Somewhere in Melbourne, the sun has begun to rise. In Kuala Lumpur, it's still pitch black; but I'm already awake and typing at my blog. Actually, I haven't slept a wink since last night, and although my body is aching for a bit of shuteye, I have a lot of thoughts on my head that I just want to put down into writing. Here are just some of the fine bits that I'm skimming off the pool that's bubbling underneath my skull. The creme de la creme, so to speak.
1. Men and Their Undies
Call me shameless if you want, but I'm still going to say it out loud: men in underwear are EXTREMELY SEXY. I am not sure how to put it any less explicitly, but I think that when it comes to men in underwear - I just drool massively. Really. I have no idea if that counts as a fetish or not, but I have a thing for men in briefs and boxer briefs. I have no idea where I stand with jockstraps or G-strings yet, but whenever I see a band flashing out of the beau's back, I just smile to myself. It's extremely sexy, although the beau is always sexy to me anyway. :)
2. Ear Licking
Had a conversation with this guy from Bangsar (you know who you are!) who told me that he likes having someone lick and nibble on his earlobes. I laughed out loud when he told me of course, because really - he's as shameless as I am when it comes to sexual innuendos ;) - but it's also because I happen to have the same thing for ear licking and nibbling. I actually shudder. I'm not kidding you. When someone even comes even vaguely close to my ears and breathes on them, I just turn all jello. It's like my Kryptonite or something.
3. Fashion
I don't where I belong yet but I am somewhere between becoming a slave for fashion and becoming a fashion victim. I like to dress up, and I like to look good but sometimes experimentation takes me to places where the sun don't shine and Lady Gaga is the all-reigning Queen. Actually no, fug that - Tilda Swinton is Queen. And Bai Ling is the Court Jester. But still, whenever it comes to fashion and it's almighty claw of doom - I find myself staggering between the choice of giving in to fashion's labels (DAMN IT, I WANT THOSE BOTTEGAS!) or surviving on my already limited wardrobe by mixing and matching the "vintage" things (note the quotes) that Dad had when he was 18. Either way, fashion looks like a lose-lose to me at the moment, but I think I'm doing alright.

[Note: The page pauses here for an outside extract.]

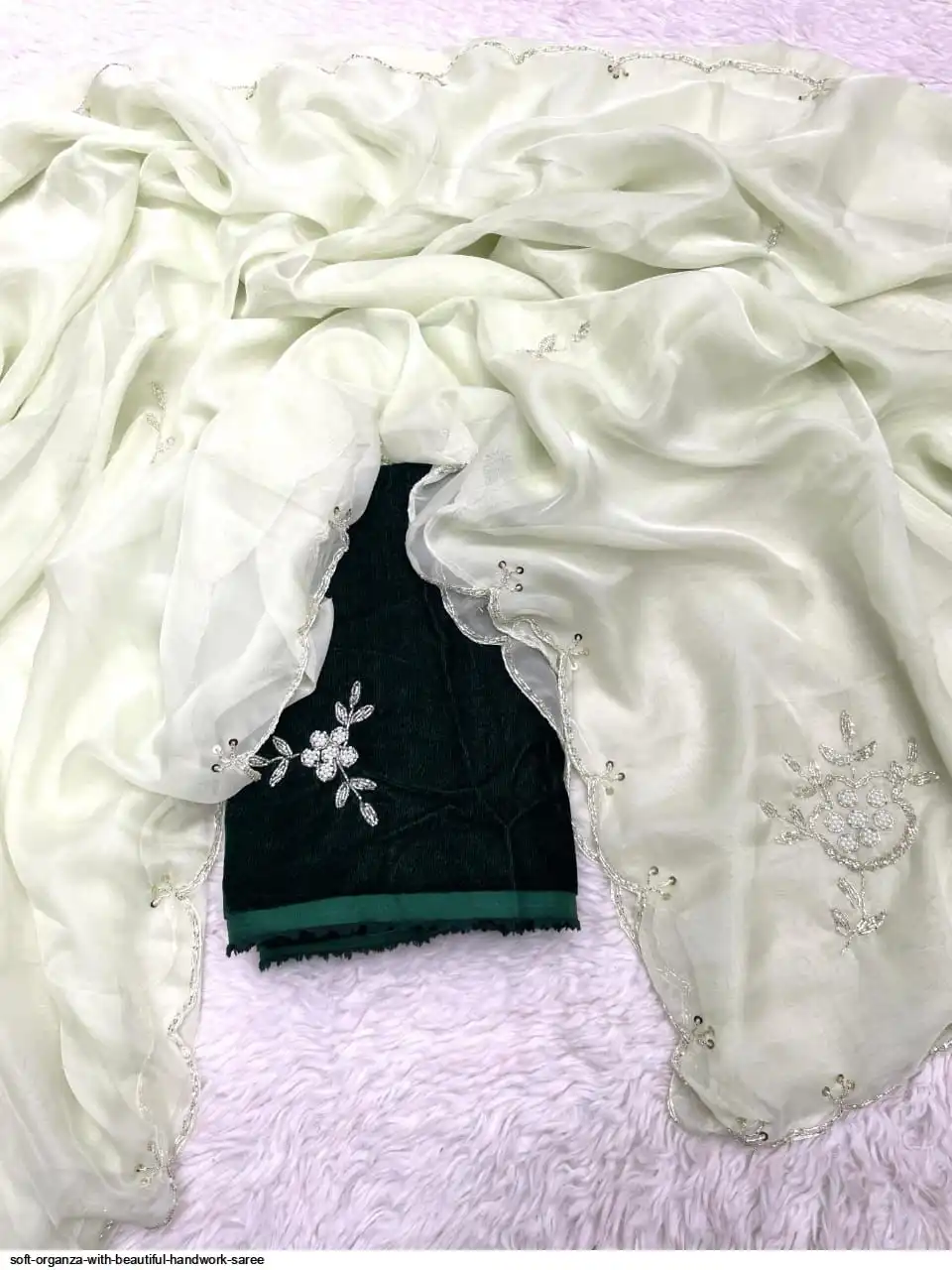 Soft organza saree with beautiful handwork and velvete blouse woth work

At least alright enough for my boss at the Agency to give me all the fashion pages to write for.
4. Retrospective
That I think too much about the mistakes I made and the past I had before my life turned from dream come true to pumpkins after midnight. Truth is that I don't know why but the past has always been an intriguing place for my mind to play after dark, and I often think about the days back when I was no than 21 and still in college. Lots of things to be done when the big 2-1 came, among them booze, sex and lots of drugs. I actually am kidding about the drugs part, but I just feel so old already even after two years that I wonder how long will it take before I revisit what it is like to be 23 when I'm at 50. Oh god.
5. Self-Identity
Which is the question I ask myself everyday in the mirror when I look into the mirror: who is Sam Nasser? Who are you? And what am I doing here? Why in this body? Why this face? Why this part of the world? The questions never cease and I always feel that there is a higher purpose to my seemingly purposeless existence on the planet. Whether it is to spread the influence of my terrible fashion sense, torture the heck out of people with my demands or write seemingly interesting posts that just don't seem to make sense at this time of day - my self-identity feels that it has been either a) compromised, or b) lost in translation. Either way, it certainly makes for a fun morning every day, staring into the mirror and wondering what life would be like if I were someone else, like say... Ellen DeGeneres.
6. Blogging
Another question which bugs me so often is the direction I take these days with my writing. While struggling with and on-off mood swings that comes from a dozen possible sources (among one of which I have affirmed IS work) - I wonder if my blog really is worth reading these days. Because to be honest, I wouldn't read me, but then again I would read me because I am so weird. It must be pretty entertaining to watch me jump from one end of the emotional spectrum from depressive to optimistic all in two posts; there's almost a Jekyll-Hyde feel about it. I relish the feeling but it certainly makes for interesting writing, if not excessively terrible.
7. Sleep
Which is now what I believe I need. For the past five minutes I've been yawning and wiping the tears from my eyes, but I thought I'd finish this post at seven because seven is my favorite number of all the millions of numbers I could possibly have. Another is 520_, which happens to be the plate number of my car that I've just received two days ago and have been driving around ever since. It actually brings me to point number 4: retrospective, where I reminisce about the last days of 2008 in which I was still carless and driving licenseless. Things have changed since then, among them my skills, my personality (I'm even more confident these days, apparently) and my writing.
That said, I think it's time for Sam Nasser to come back to full-time blogging again. Tadaima.